● **Aim of the task**:
Give again, word for word, the lines below that run from the line with "Indulge in the" through the line with "Le quatrième et". Drop the pictures.

● **Data records**:
>>
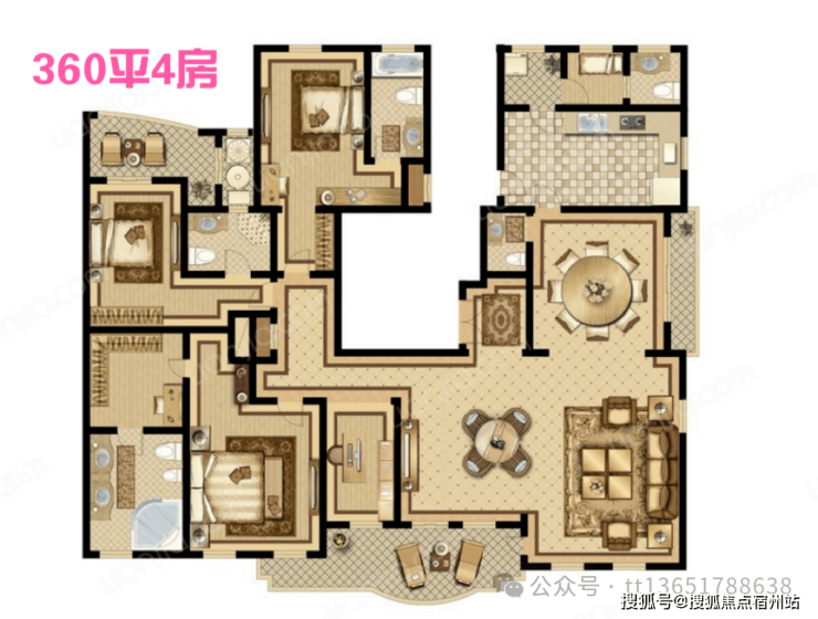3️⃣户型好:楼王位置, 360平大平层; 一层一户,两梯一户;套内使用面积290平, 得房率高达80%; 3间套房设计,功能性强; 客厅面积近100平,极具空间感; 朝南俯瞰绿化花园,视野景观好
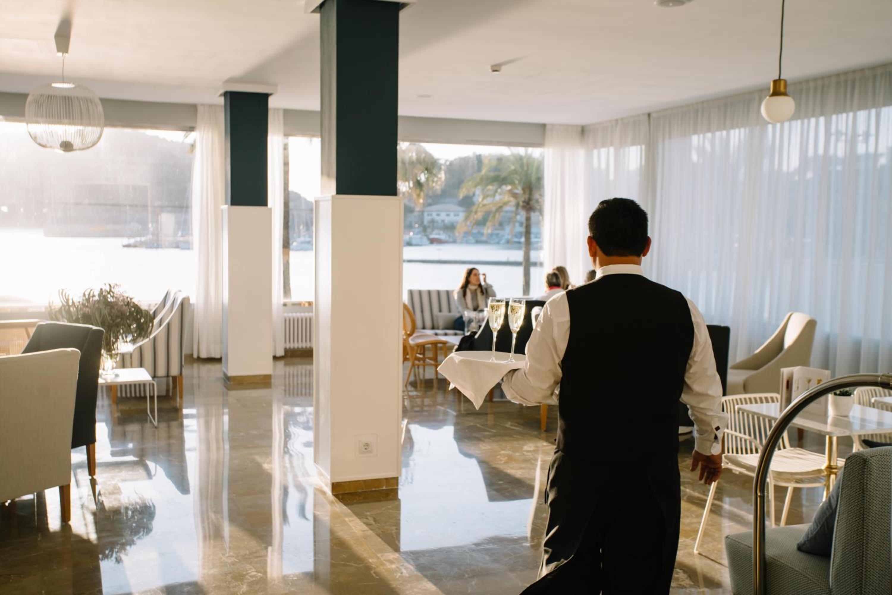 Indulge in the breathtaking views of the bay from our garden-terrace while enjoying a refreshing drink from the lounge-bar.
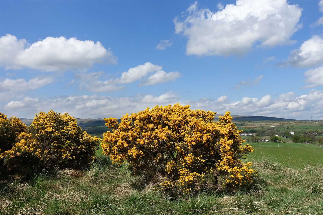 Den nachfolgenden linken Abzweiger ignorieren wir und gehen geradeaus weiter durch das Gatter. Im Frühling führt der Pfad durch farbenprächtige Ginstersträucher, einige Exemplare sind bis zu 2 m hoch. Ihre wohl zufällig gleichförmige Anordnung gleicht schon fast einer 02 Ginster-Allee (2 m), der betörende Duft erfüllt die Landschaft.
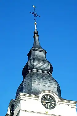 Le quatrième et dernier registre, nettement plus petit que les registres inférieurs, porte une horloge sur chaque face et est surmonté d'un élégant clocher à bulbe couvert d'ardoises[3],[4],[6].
<<
>>
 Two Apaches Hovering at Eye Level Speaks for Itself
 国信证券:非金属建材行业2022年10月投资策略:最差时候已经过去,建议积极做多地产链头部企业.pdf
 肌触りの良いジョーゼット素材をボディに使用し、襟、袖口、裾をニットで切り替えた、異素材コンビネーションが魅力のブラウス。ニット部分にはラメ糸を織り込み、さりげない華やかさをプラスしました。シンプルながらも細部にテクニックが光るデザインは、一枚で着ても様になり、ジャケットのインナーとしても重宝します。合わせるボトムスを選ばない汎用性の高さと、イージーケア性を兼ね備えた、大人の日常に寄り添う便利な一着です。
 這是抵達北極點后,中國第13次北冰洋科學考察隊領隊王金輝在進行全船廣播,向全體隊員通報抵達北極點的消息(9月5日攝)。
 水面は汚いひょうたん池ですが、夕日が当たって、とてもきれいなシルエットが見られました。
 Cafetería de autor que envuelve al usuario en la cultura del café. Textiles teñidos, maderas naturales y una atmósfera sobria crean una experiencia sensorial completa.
<<
● **Completed exercise**:
 Indulge in the breathtaking views of the bay from our garden-terrace while enjoying a refreshing drink from the lounge-bar.
 Den nachfolgenden linken Abzweiger ignorieren wir und gehen geradeaus weiter durch das Gatter. Im Frühling führt der Pfad durch farbenprächtige Ginstersträucher, einige Exemplare sind bis zu 2 m hoch. Ihre wohl zufällig gleichförmige Anordnung gleicht schon fast einer 02 Ginster-Allee (2 m), der betörende Duft erfüllt die Landschaft.
 Le quatrième et dernier registre, nettement plus petit que les registres inférieurs, porte une horloge sur chaque face et est surmonté d'un élégant clocher à bulbe couvert d'ardoises[3],[4],[6].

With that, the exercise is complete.